Gasoline pickup truck opulence has hit an all-time high. These vehicles waste so much energy that a Class 8 electric semi truck hauling 82,000 pounds is more efficient. Let that sink in: a massive commercial vehicle moving 41 tons gets better energy economy than your F-150 hauling one person to the office. That's the epitome of overconsumption.
An electric semi truck hauling 82,000 lbs is more energy-efficient than an average gas pickup truck hauling one person
Same or better energy efficiency
The Tesla Semi is rated at 1.7 kWh of electricity consumption per mile when fully loaded at 82,000 pounds.
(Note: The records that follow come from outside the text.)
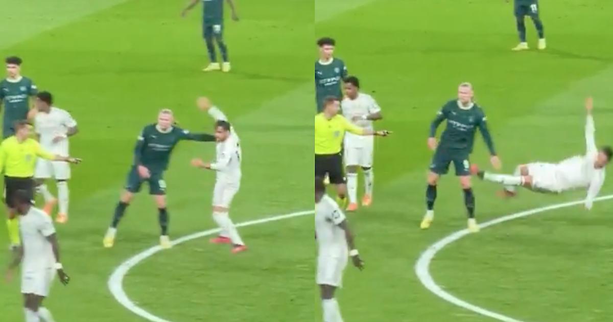 И момент действительно получился заметным. Асенсио слишком плотно опекал Холанда, Эрлингу не понравилось — он слегка оттолкнул испанца. Но то ли Асенсио ждал контакта, то ли толчок вышел мощнее, чем казался со стороны — защитник отлетел и упал на газон. Клеман Тюрпен дал штрафной в пользу «Реала».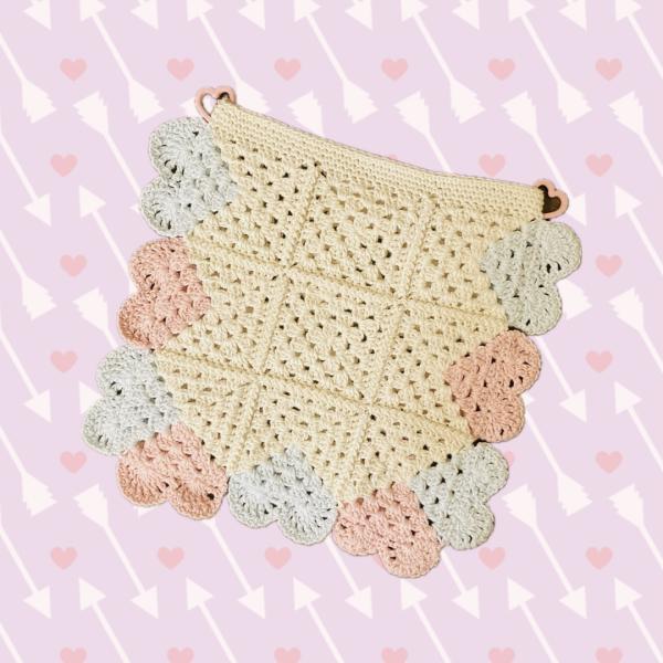 参考より少し小さめにしたハートのポシェットです。モチーフを編む際、色替えに苦戦しましたが楽しく編むことができました。繋げていくと色合いとハートが出来ていく感じが嬉しかったです。カラビナもハートにしたのもポイントです。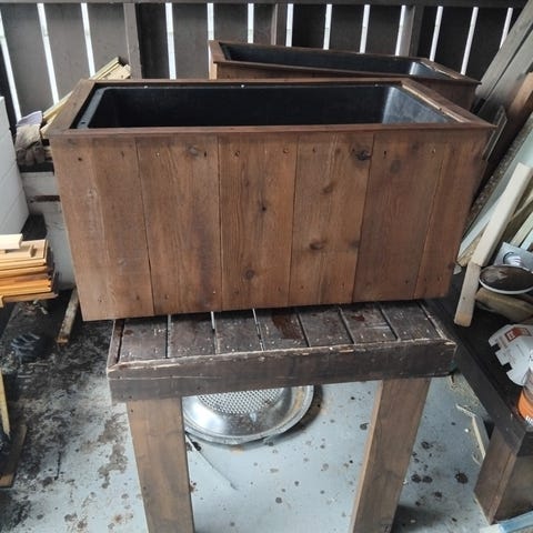 NY KRAFTIG HJEMME LAGET BLOMSTERKASSE MED PLAST BALJE INNVENDIG LAGET AV IMPREGNERT MATERIALE FERDIG BEISET KLAR TIL BRUK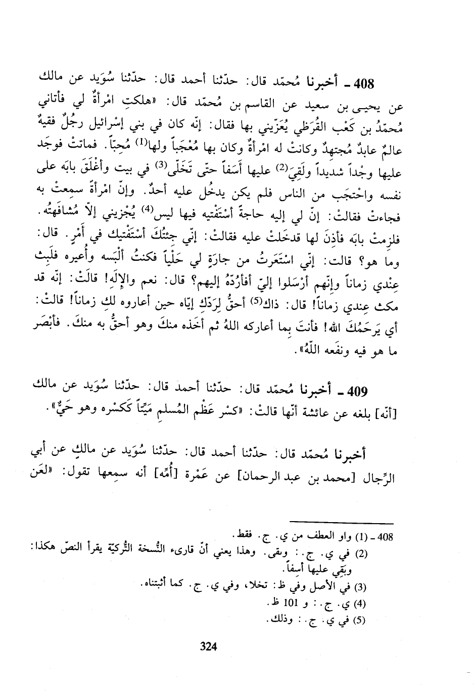 409- أخبرنا محمد قال: حدثنا أحمد قال: حدثنا سويد عن مالك [أنه] بلغه عن عائشة أنها قالت: ((كسر عظم المسلم ميتاً ككسره وهو حي)).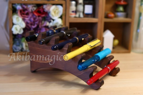 | 木製 万年筆 置き ボールペン ガラスペン 展示 ラック ディスプレイ スタンド ハンドメイド アンティーク ビンテージ 色彩雫 80teak | |

Let's convert that to gasoline equivalent to compare apples-to-apples with gas pickup trucks.
Energy consumption: 1.7 kWh per mile
Conversion factor: 1 kWh ≈ 3.5 oz of gasoline (in heat capacity)
Gasoline equivalent per mile:
1.7 kWh × 3.5 oz/kWh = 5.95 oz ≈ 6 oz of gasoline per mile
MPG equivalent:
128 oz per gallon ÷ 6 oz per mile = 21.3 MPGe
Result: The Tesla Semi gets 20-21 MPGe while hauling 82,000 pounds
According to the EPA, pickup trucks averaged 20.9 MPG combined in 2023. That's nearly identical to the Tesla Semi's energy efficiency—except the Semi is hauling 82,000 pounds and the pickup is hauling one person to Starbucks.
| Vehicle | Efficiency | Load Capacity |
|---|---|---|
| Tesla Semi (best case) | ~21.7 MPGe | 82,000 lbs |
| Tesla Semi (worst case) | ~19.8 MPGe | 82,000 lbs |
| Average Gas Pickup (EPA 2023) | ~20.9 MPG | ~1,700 lbs payload |
| Toyota Tacoma SR5 RWD | ~23 MPG combined | ~1,700 lbs payload |
| Toyota Tacoma Hybrid | ~23-24 MPG combined | ~1,700 lbs payload |
Let's be clear about what this means. The Tesla Semi is hauling approximately 48 times more cargo than a typical pickup truck (82,000 lbs vs 1,700 lbs payload).
Yet it achieves nearly identical energy efficiency. In some cases, depending on the pickup truck model and driving conditions, the Semi actually does better.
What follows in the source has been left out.